Gibbs v. Simon et al
ORDER OF DISMISSAL. CASE CLOSED. Signed by District Judge Debra M. Brown on 4/4/16. (jtm)
IN THE UNITED STATES DISTRICT COURT
FOR THE NORTHERN DISTRICT OF MISSISSIPPI
HENRY GIBBS, JR.
LEE SIMON, ET AL.
ORDER OF DISMISSAL
This matter is before the Court, sua sponte, for consideration of dismissal. Petitioner
Henry Gibbs, Jr., has filed a pro se petition for a writ of habeas corpus pursuant to 28 U.S.C. §
2254, seeking to challenge his April 29, 2015, guilty plea to armed robbery and resulting
sentence. Because Gibbs failed to exhaust his available state court remedies before filing the
instant action, his petition will be dismissed.
A petitioner seeking federal habeas relief must first exhaust his available state court
remedies. See 28 U.S.C. § 2254(b) & (c); O’Sullivan v. Boerckel, 526 U.S. 838, 839-40 (1999).
The exhaustion requirement is satisfied when the habeas claim has been presented to the highest
state court in a procedurally proper manner. Mercadel v. Cain, 179 F.3d 271, 275 (5th Cir.
1999). If a petitioner fails to exhaust his claims before seeking federal habeas relief, his federal
habeas petition must ordinarily be dismissed. Coleman v. Thompson, 501 U.S. 722, 731 (1991).
See Duncan v. Walker, 533 U.S. 167, 178-79 (2001) (“The exhaustion requirement of § 2254(b)
ensures that the state courts have the opportunity fully to consider federal-law challenges to a
state custodial judgment before the lower federal courts may entertain a collateral attack upon
If a petitioner fails to exhaust any of his claims before seeking federal habeas relief, a
federal district court must dismiss the “mixed petition” in its entirety. Rose v. Lundy, 455 U.S.
509, 510 (1982). A petitioner may, in limited circumstances, file a protective federal habeas
petition and request that the habeas court stay his action and hold the petition in abeyance while
he exhausts his claims in state court. Pace v. DiGuglielmo, 544 U.S. 408, 416-17 (2005). Such a
stay is only appropriate, however, if the petitioner shows: (1) good cause for his failure to
exhaust, (2) that his unexhausted claims are not plainly meritless, and (3) that there is no
indication that the petitioner engaged in intentionally dilatory litigation tactics. Rhines v. Weber,
544 U.S. 269, 277-278 (2005).
In his federal habeas petition, Gibbs concedes that he has not filed an application for
post-conviction relief.

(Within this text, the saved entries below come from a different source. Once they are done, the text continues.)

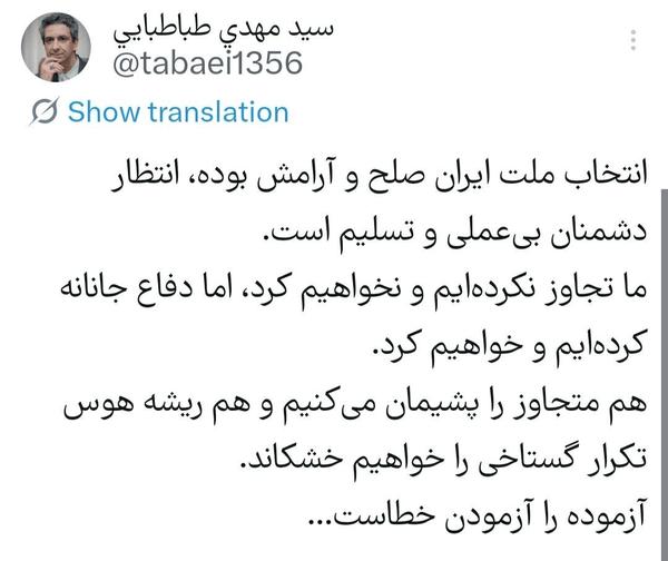 مهدی طباطبایی، معاون ارتباطات و اطلاعرسانی دفتر رئیس جمهور، نوشت: هم متجاوز را پشیمان میکنیم و هم ریشه هوس تکرار گستاخی را خواهیم خشکاند.
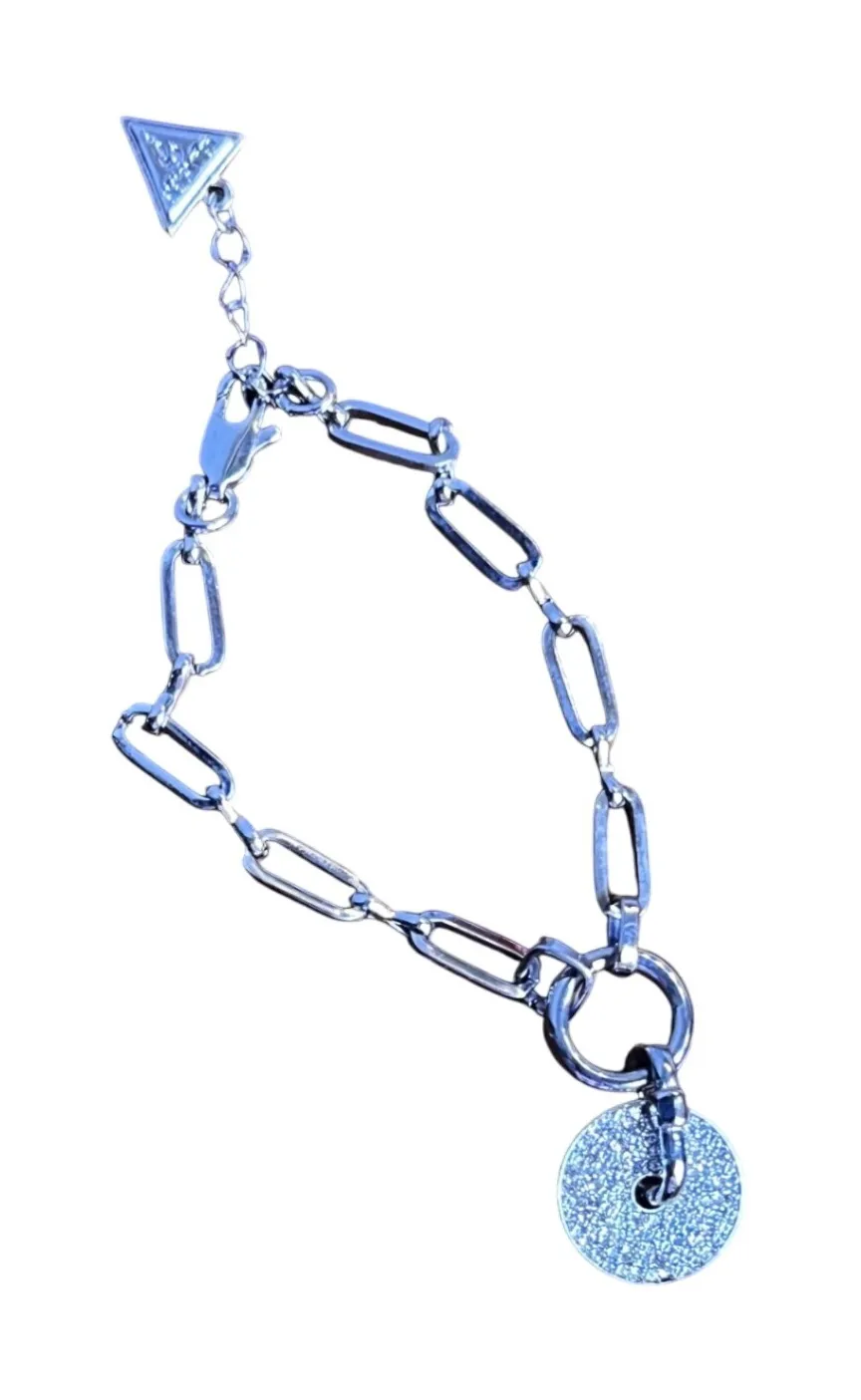 Statement bracelet delivers a touch of edgy glamour to any ensemble. This silver-tone chain bracelet... Show more
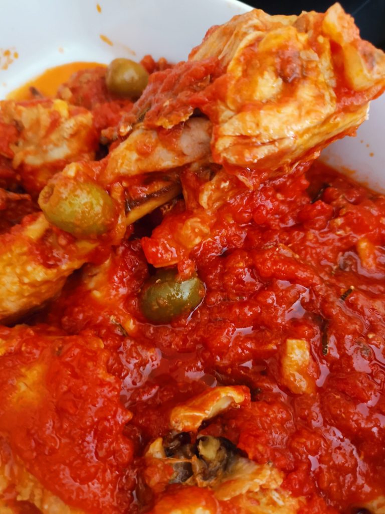 The thighs are added to a light sauce of ripe fresh tomatoes, garlic, herbs, and a drizzle of extra virgin olive oil.

The Court notes that he currently has an “available procedure” under state
law through which he can exhaust his claims. See 28 U.S.C. § 2254(c). Gibbs can satisfy the
exhaustion requirement through utilization of the Mississippi Uniform Post-Conviction
Collateral Relief Act, Miss. Code Ann. §§ 99-39-1, et seq. See Miss. Code Ann. § 99-39-5(2)
(“A motion for relief under this article shall be made … in case of a guilty plea, within three (3)
years after entry of the judgment of conviction.”).
The Court finds that there are no “limited circumstances” that warrant a stay and
abeyance in this case. While the federal statute of limitations under 28 U.S.C. § 2244 provides
for only a one-year statute of limitations period, the Court notes that the filing of a state postconviction application will toll the federal statute of limitations as long as the pleading is
pending in state court. See 28 U.S.C. § 2244(d)(1) & (2). Inasmuch as Gibbs pleaded guilty to
armed robbery on April 29, 2015, he, acting with diligence, has sufficient time to exhaust his
claims through a state post-conviction application and, if necessary, return to federal court and
file a timely habeas petition. Therefore, a stay and abeyance is unnecessary to protect his ability
to file a timely federal habeas petition after his state remedies are exhausted.
Accordingly, Gibbs’ petition  is DISMISSED without prejudice for failure to exhaust
available state court remedies. All other pending motions are DISMISSED as moot.
SO ORDERED, this 4th day of April, 2016.